Ogni volta, fino alla fine dei suoi giorni, l’omicidio compiuto dal padre
l’avrebbe perseguitato. Non poteva fare niente; tutti sapevano di lui, tutti
conoscevano il suo passato. Logan non ne parlava mai, ma chissà se ne soffriva
ancora.
Il
notaio volse lo sguardo verso l’altro uomo nell’ufficio “Sua figlia è
scappata di casa?”
Banks
guardò a terra “Sì.”
“Se
devo essere sincero io non darei a nessuno di voi due l’affidamento di
Brian.” Si fermò per un paio di secondi “Però… Brian ha vissuto, in
questo periodo, con il signor Echolls e la signorina…?”
“Mars.”
Gli rispose la ragazza.
“…e
la signorina Mars per questo sarebbe più consono affidare il bambino a lui. Ad
ogni modo per ora non mi voglio mettermi in mezzo.”
“Brian
è l’unico ricordo di mia figlia, che ho perso tanto tempo fa. Sarei un buon
padre e nonno per lui.” Spiegò il signor Banks.
Logan
guardò di sottocchio Veronica “Se fosse per me io farei decidere Brian…”

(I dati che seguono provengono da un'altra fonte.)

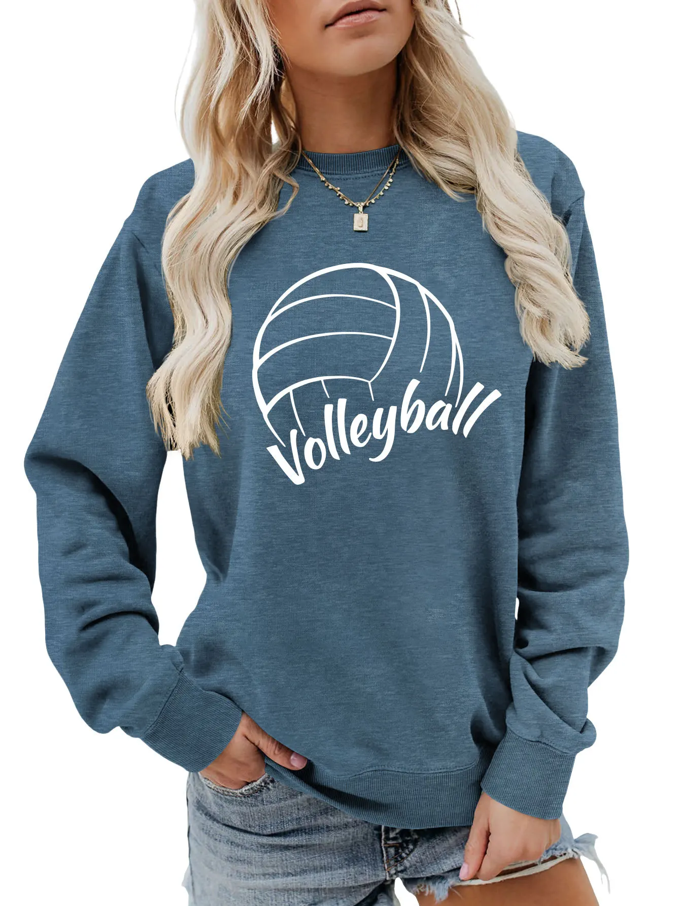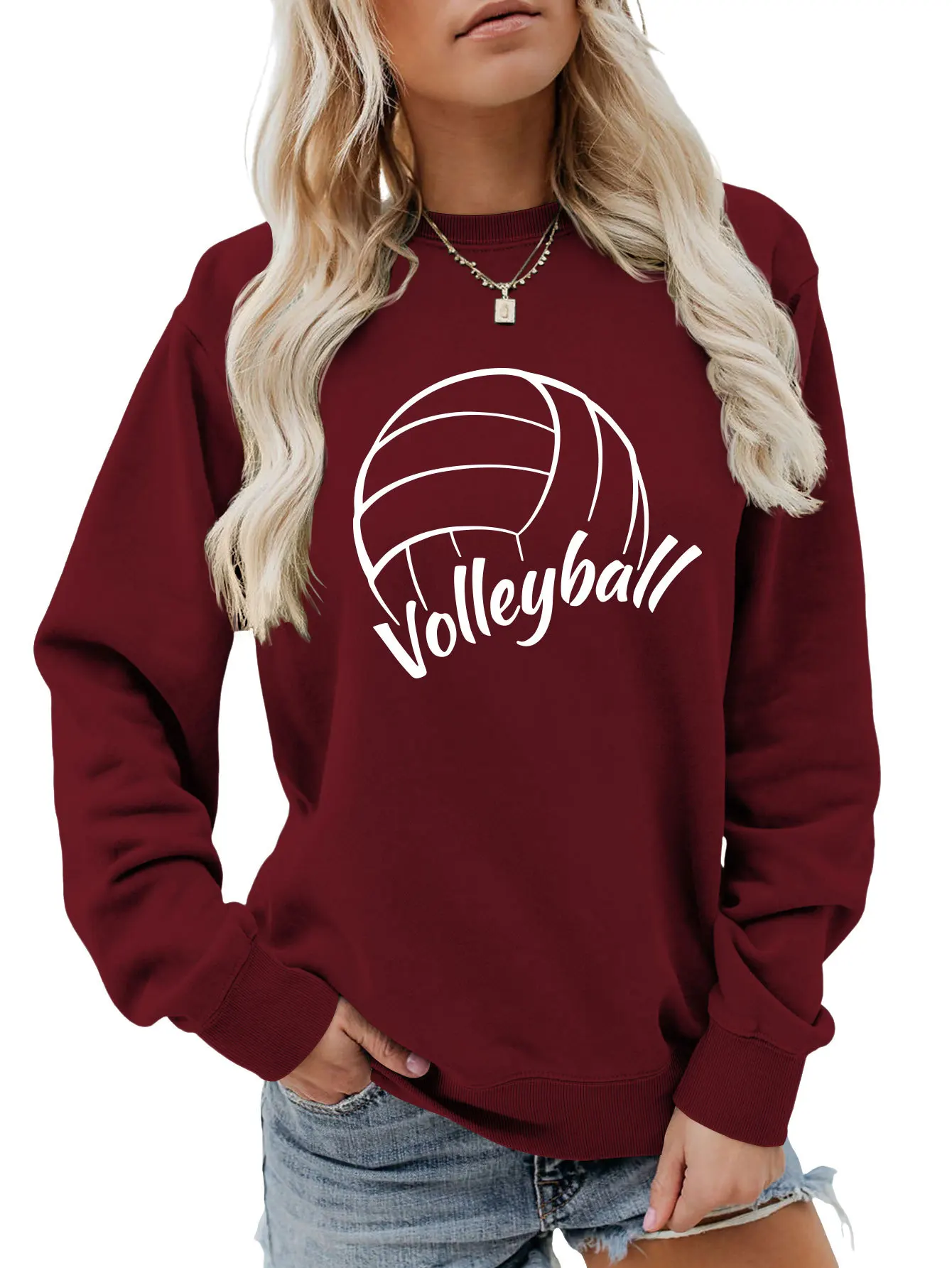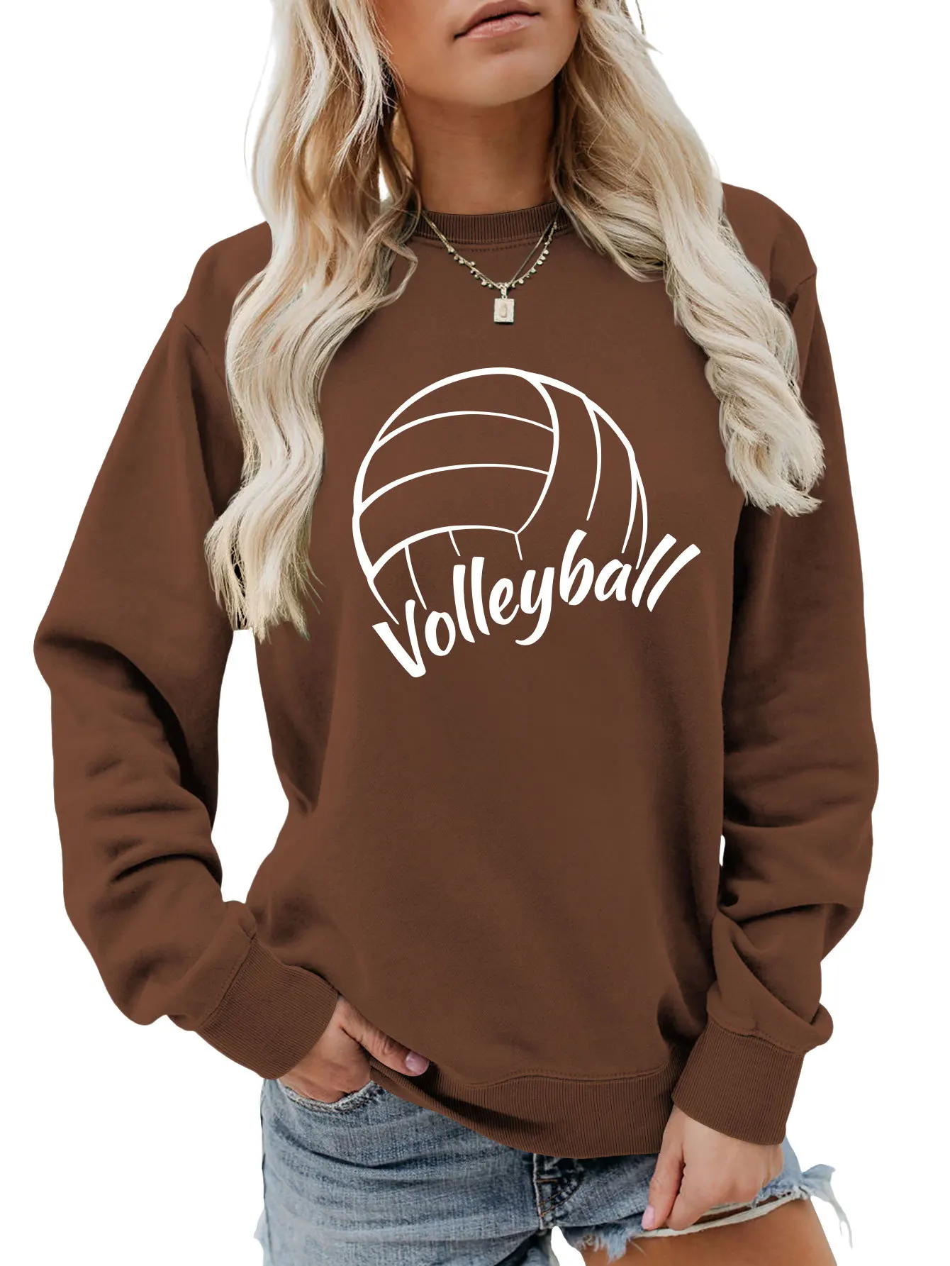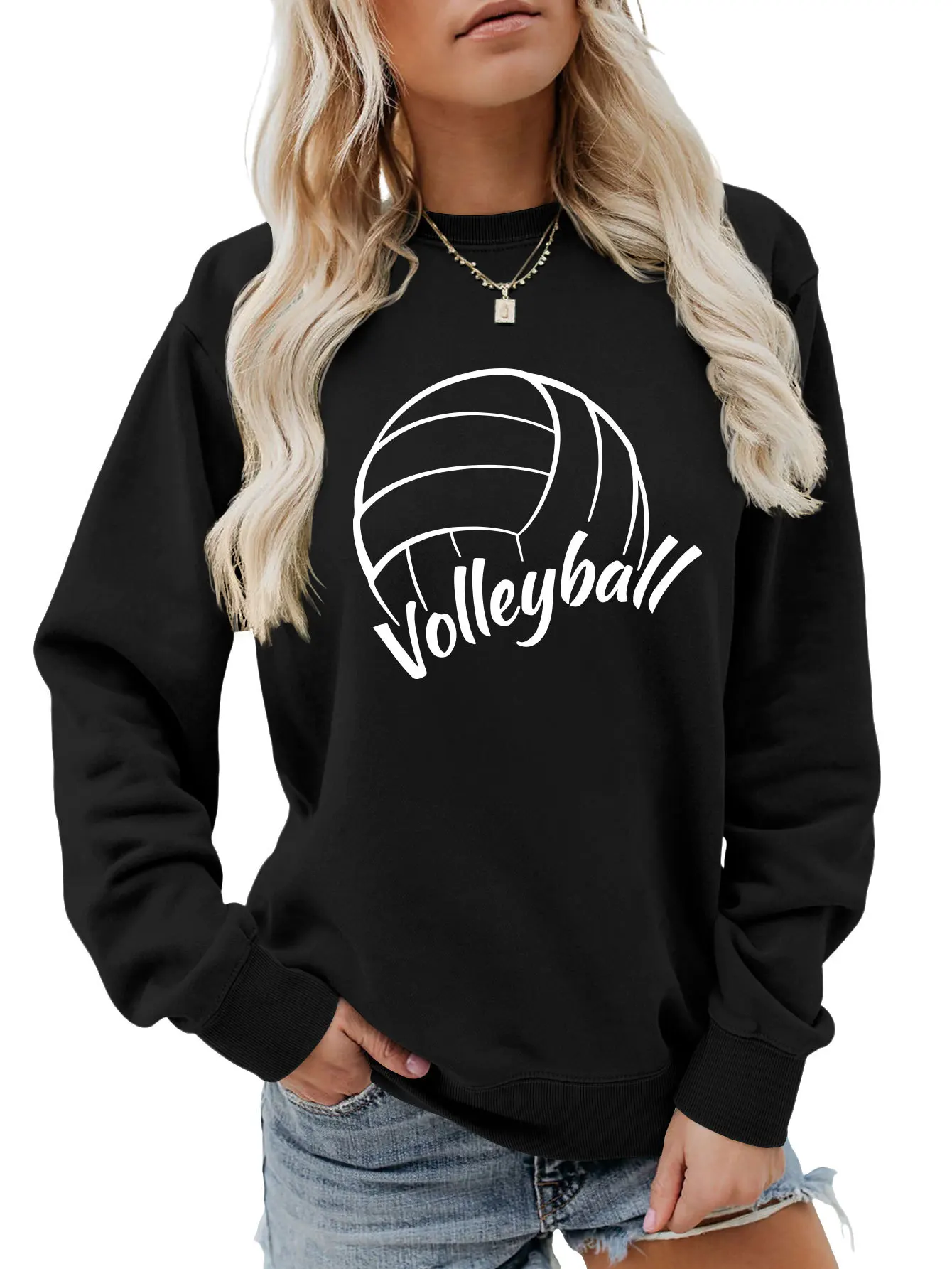 Autumn round neck casual T-shirt hoodie volleyball ball printing new loose long-sleeved ladies blouse with all fashion pullover
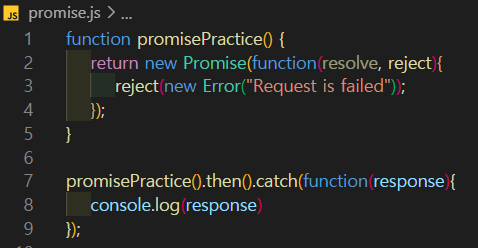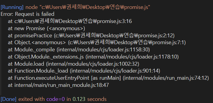 콜백 함수의 인자 reject을 위와 같이 실행하면 실패 상태이다.

disse il ragazzo “Io ci tengo davvero a lui. Lo crescerei come se fosse mio
figlio cosa che già sto facendo, ed ho anche un buon patrimonio; quindi
crescerebbe anche con tutti i comfort che devono avere i bambini. La prego
signor Banks.” Lo guardò negli occhi, aveva uno sguardo carico di speranza,
quel bambino era entrato nella sua vita portando una ragione di vita. Lui gli
faceva dimenticare ogni perplessità, ogni dolore. Gli faceva dimenticare del
padre, di Lilly, di tutto quello che aveva passato.
“Lei
cosa farebbe se fosse in me notaio?” domandò
Christian
Ayed lo guardò negli occhi “Non prendo decisioni al suo posto. Deve decidere
da solo.”
“Ha
ragione… devo decidere da solo.”
Nell’ufficio
regnò il silenzio per alcuni minuti, nessuno aveva il coraggio di parlare.
Nemmeno Logan. Veronica gli strinse la mano ed appoggiò la sua testa nella sua
spalla sinistra.
“Ok…
ho deciso!” I ragazzi concentrarono tutta la loro attenzione su quell’uomo
che stava per parlare.
“Parli
pure…” disse il notaio prendendo in mano la sua penna.